Future Plans: Expanding the Digital Twin

Westinghouse has already rolled out what Brad Parker considers a “basic, simple simulation software” and sees significant opportunities to expand its utilization:

“We have focused on nuclear fuel. However, we are starting to see other parts of the business show interest. Evinces is one example, but how we document and future utilize this with the functionality we’ve not even touched on yet is where we will be trying to take the Westinghouse organization in the utilization of a single solution.”

Future plans include:

  • Expanding to other business units beyond nuclear fuel
  • Implementing Simio Portal for broader stakeholder access
  • Automating data feeds to eliminate manual processes
  • Enhancing integration with financial planning and reporting
  • Exploring more advanced functionality within Simio

Conclusion: A Foundation for Digital Transformation

The implementation of Simio’s digital twin technology has transformed Westinghouse’s production planning and scheduling processes, providing an integrated view across their complex global supply chain and dramatically reducing the time required for scenario planning and decision-making.

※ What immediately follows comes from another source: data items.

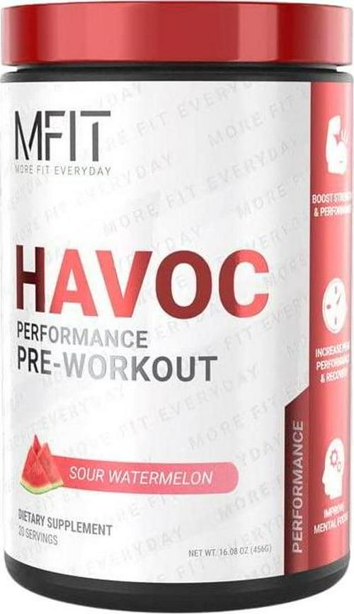 MFIT SUPPS Havoc - Pre-Workout Powder for Energy, Strength, Endurance and Focus - Sour Watermelon Flavor - 20 Servings
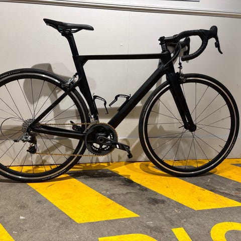 Cyklen har carbon stel og forgaffel i FACT carbon, som giver lav vægt og god stivhed, Opgraderet højprofil carbon fra Rebel, som er snorlige (Ny pris: 6000 kr.) til dæk og slanger, og har max kørt 3000 km.
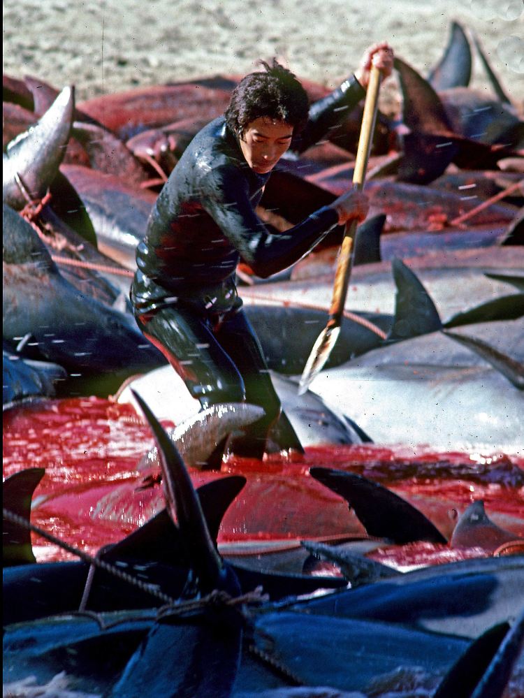 Tausende von Delfinen fallen auf diese Weise in Taiji, rund 700 Kilometer südlich von Tokio, sowie wenigen anderen Orten Japans der Treibjagd zum Opfer - mit Billigung der Regierung, die Fangquoten setzt. Die Jagd an der Küste unterliegt nicht der Kontrolle der Internationalen Walfangkommission. Ein Teil des laut Umweltschützern hochgradig mit Quecksilber verseuchten Fleisches der abgestochenen Kleinwale gelangt später in den Handel.
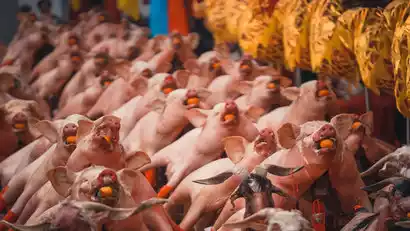 Shuolian Village in Xinheng Town has a parade of gods that has been practiced for over 500 years. In 2009, it was inscribed on the provincial list of intangible cultural heritage: the "Pan Pig and Sheep" ritual, also known as the "Big Pig Race." This folk custom is a way for local villagers to honor the gods of wealth, Zhao Gongming and Guan Gong. The ten natural villages (commonly known as the "Ten Shes") within Shuolian Village rotate in hosting the event. Residents display live pigs and whole sheep, each with an orange in its mouth, symbolizing good luck for the new year. Villagers use the "Big Pig Race" to showcase their family's wealth. The offerings on the altar reflect the generosity of the Chaoshan people: Chaoshan rice cakes, premium tobacco, tea, and alcohol, seafood, bonsai, and flowers. In addition to the pig and sheep displays, there's also a gong and drum troupe, Yingge dance, and other activities. The village is bustling with activity, as villagers carry the deities through a parade, accompanied by the sounds of firecrackers and drums, creating a festive and joyful atmosphere.

By partnering with Mosimtec and following a structured implementation methodology, Westinghouse has established a foundation for continued digital transformation. The success of this implementation demonstrates the power of digital twin manufacturing in complex manufacturing environments and provides valuable lessons for other organizations embarking on similar journeys.

As Brad Parker summarized: “By choosing Simio, businesses can harness the full potential of digital twin technology, mitigate risks, and stay ahead of market demands—all while fostering operational resilience and continuous improvement.”